I'm stuck on a word problem and could use a little help. I did the work, just not real confident in it.

Company manufactures spherical ball bearing with radius 1 cm and percentage error in radius must be no more than 1%.

a) Find approximate percentage error for surface area of ball bearing?
b) Find range of radii possible.
c) What range of surface area possible.
---> Ok, so what we're given is r = 1 cm and dr = +/- .01 cm (correct?)

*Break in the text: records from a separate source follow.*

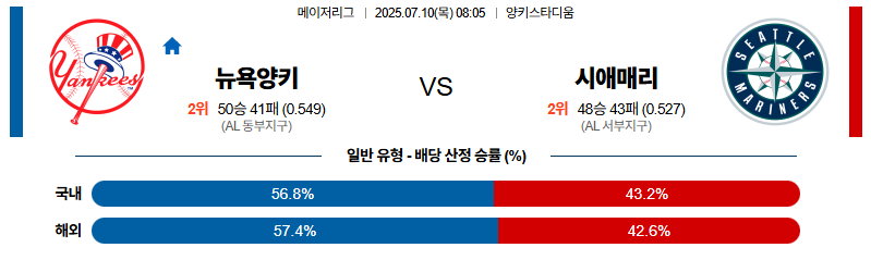 뉴욕양키스 대 시애틀 MLB 07월10일 맞대결 생중계, 스포츠중계, 스포츠분석
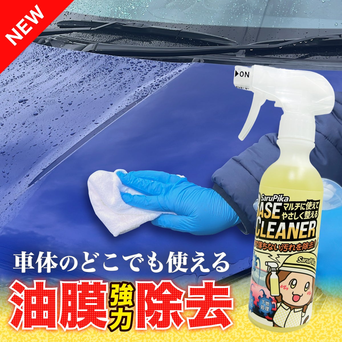 こうした原因のひとつとして考えられるのが、ワックス成分や空気中の油分などがボディやガラスに付着してできる“油膜”です。Sarupika「ベースクリーナー」は、この油膜汚れに着目し、愛車本来の見た目を引き出すための“下地ケア”を、誰でも簡単に行えるよう開発されたクリーナーです。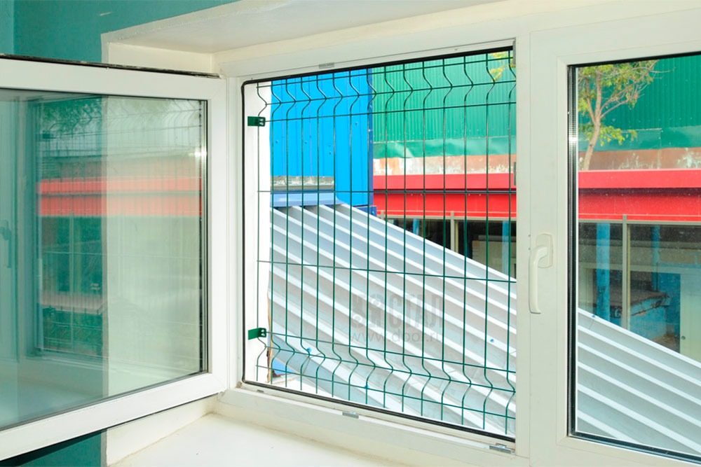 Легкая металлическая решетка вряд ли защитит от воров, но убережет детей и домашних животных от выпадения из окна. Такие решетки крепятся снаружи к оконной раме или стене оконного проема.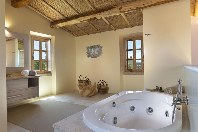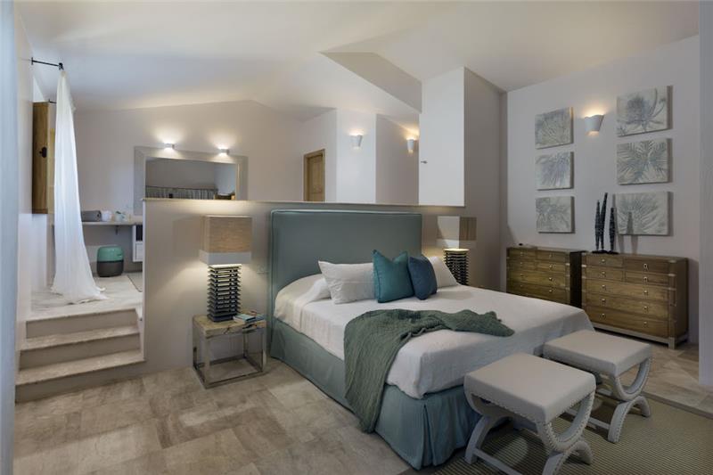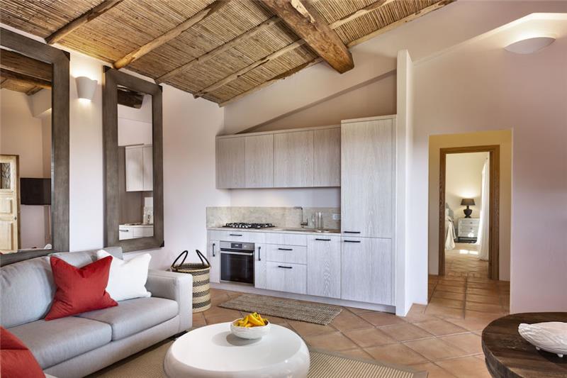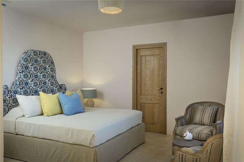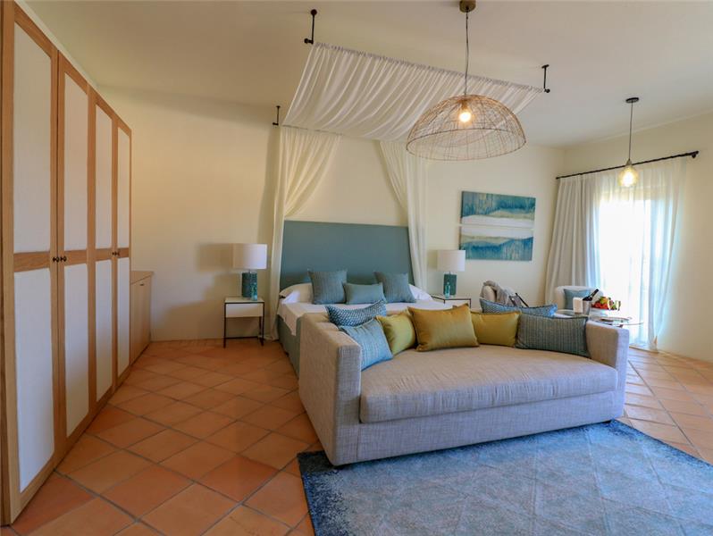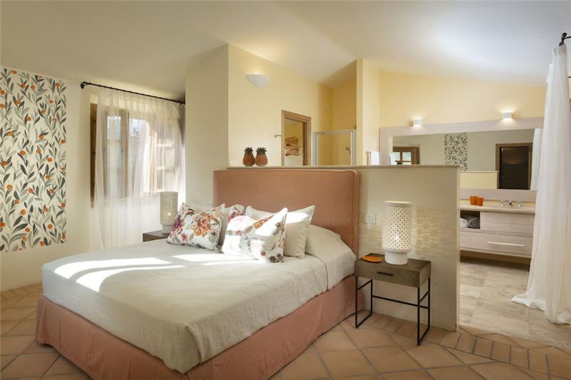 A. 130m2 - 3 bedrooms, sleeps 6. Split into two buildings, the bigger of the two includes two spacious double bedrooms, each with its own entrance and an en suite shower room. These open into a shared living area and a kitchen, The second, smaller building is accessed independently and offers a generously sized double bedroom, enhanced by oak flooring and elegant Orosei marble details. Behind the king-size bed, a hydromassage bath provides a tranquil corner for unwinding. An additional shower room completes this suite. Outside there's a terrace and heated pool.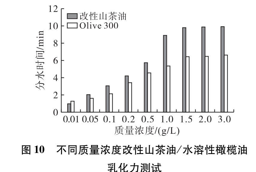 采用分水法對不同質(zhì)量濃度的改性山茶油和水溶性橄欖油(Olive 300)進(jìn)行乳化力測試,分水時間越長表明乳化性能越好,其結(jié)果如圖10所示。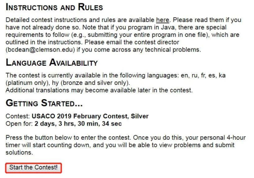 然后就可以参加比赛啦!选手需要在比赛开放期间进入竞赛页面参与比赛。如下图所示,点击“Start the Contest!”键即可开始比赛。选手的比赛用时就会立即倒计时,且无法暂停。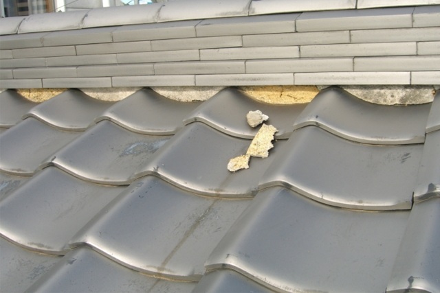 - 棟瓦の中が見えている
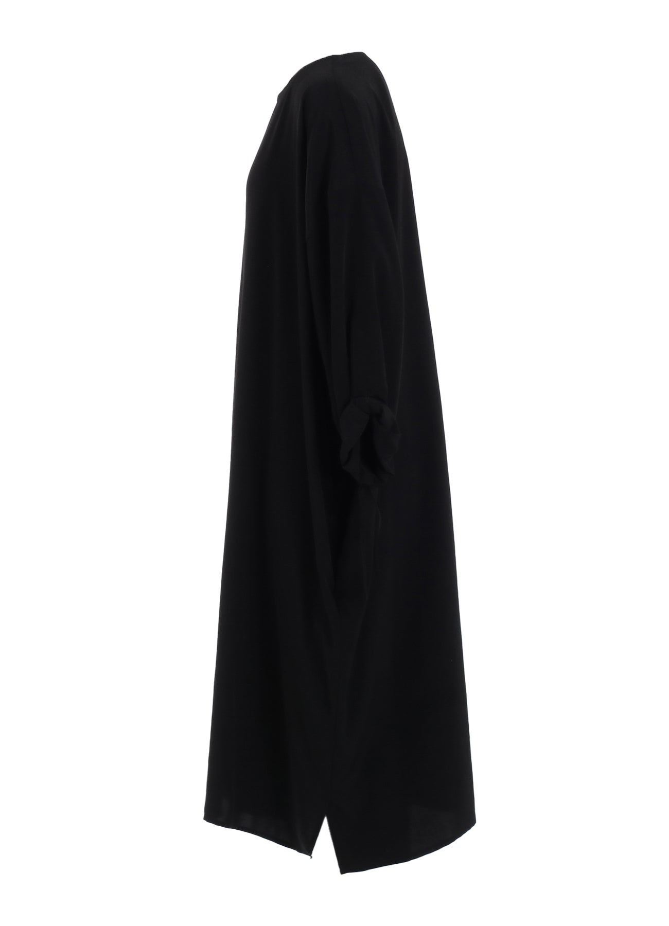 이 큰 DRESS는 트리아세테이트/폴리에스터 크레이프 드 신으로 제작되어 부드러운 광택과 우아한 드레이프를 자랑합니다. 가벼우면서도 구김이 적어 사계절 모두 착용하기 좋으며, 양옆으로 흐르는 실루엣으로 스타일 강조 및 드로우스트링 소매로 다양한 스타일 연출이 가능합니다.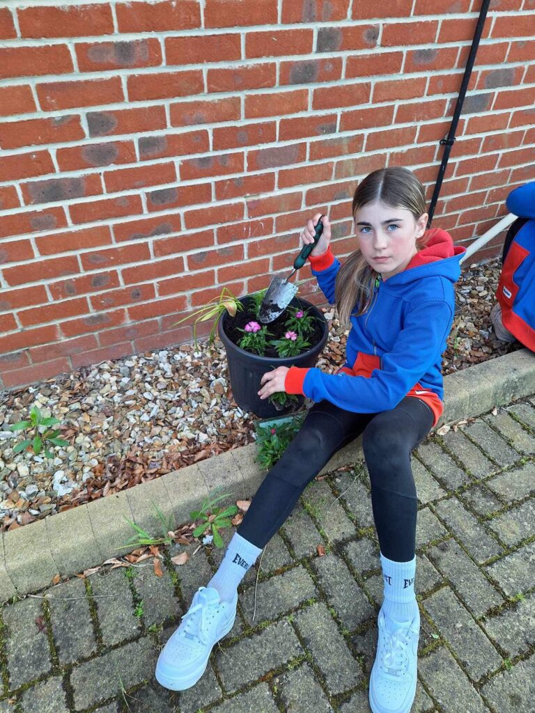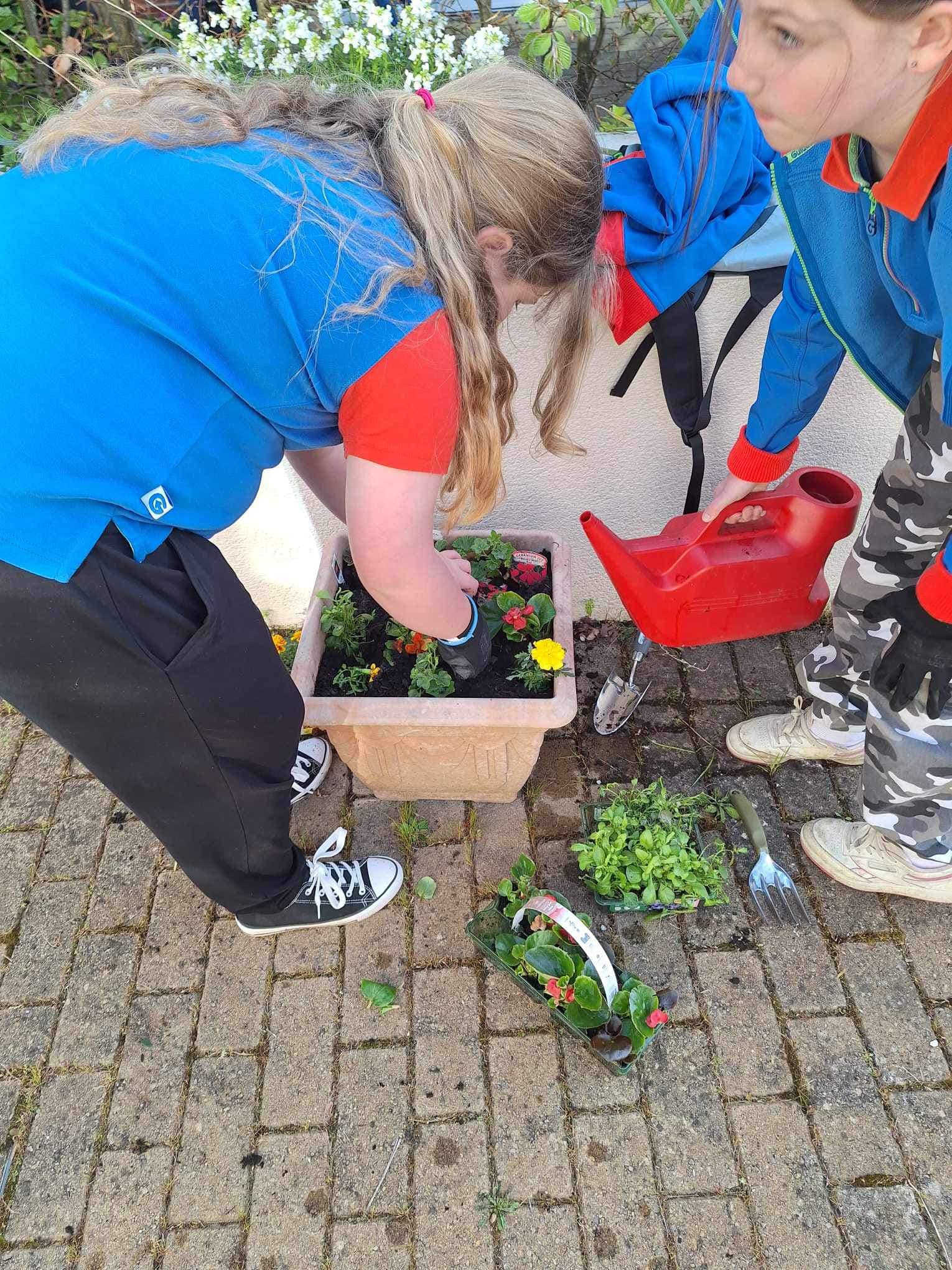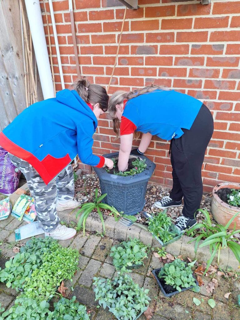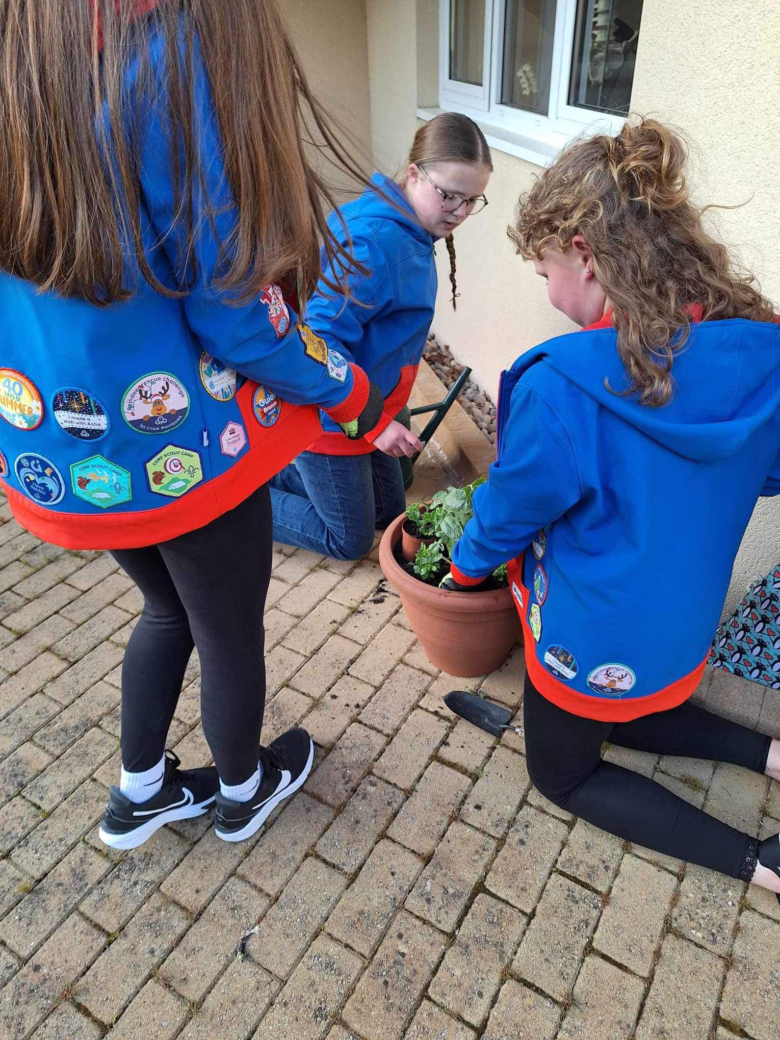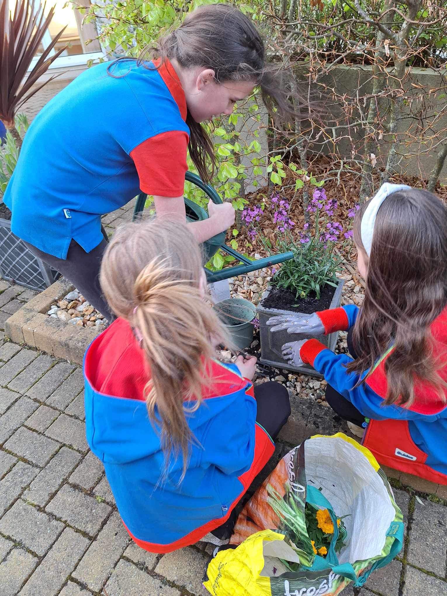 Guides from the 1st Carisbrooke (Princess Beatrice Own) Unit paid their annual visit to Mountbatten Hospice recently with the Guides undertaking planting up the tubs and troughs and a small flower bed with a selection of flowers and plants.

a) Percentage error surface area
---> S=4(pi)r^2
--->dS=8(pi)r(dr) = 8(pi)(1cm)(+/- .01 cm) = +/- .25133 cm^2
---> Percent error = dS/S
-----------> S=4(pi)(1cm)^2= 12.56637 cm^2
----------->dS/S = (+/- .25133 cm^2)/(12.56637 cm^2) = .020000 = 2%
(Correct?)

-->would be: 1 cm + .01 cm = 1.01 and 1 cm - .01 = .99 cm
-->RANGE = .99 - 1.01 or +/ .01 cm (correct?...just seems a little simple)

c) Range Surface area
--> S = 4(pi)r^2
--> dS = 8(pi)r(dr) = 8(pi)(1cm)(+/- .01 cm) = +/- .25133 cm^2
(correct?)

EDIT: Perhaps on C, the range would be (12.56637 + .25133 = 12.8177 cm^2 and 12.56637 - .25133 = 12.31504 cm^2

Thanks for the help. Will return the favor if you'd post a link to your problem.

2. Originally Posted by Mathless
Hi guys,

I'm stuck on a word problem and could use a little help. I did the work, just not real confident in it.

---> Ok, so what we're given is r = 1 cm and dr = +/- .01 cm (correct?)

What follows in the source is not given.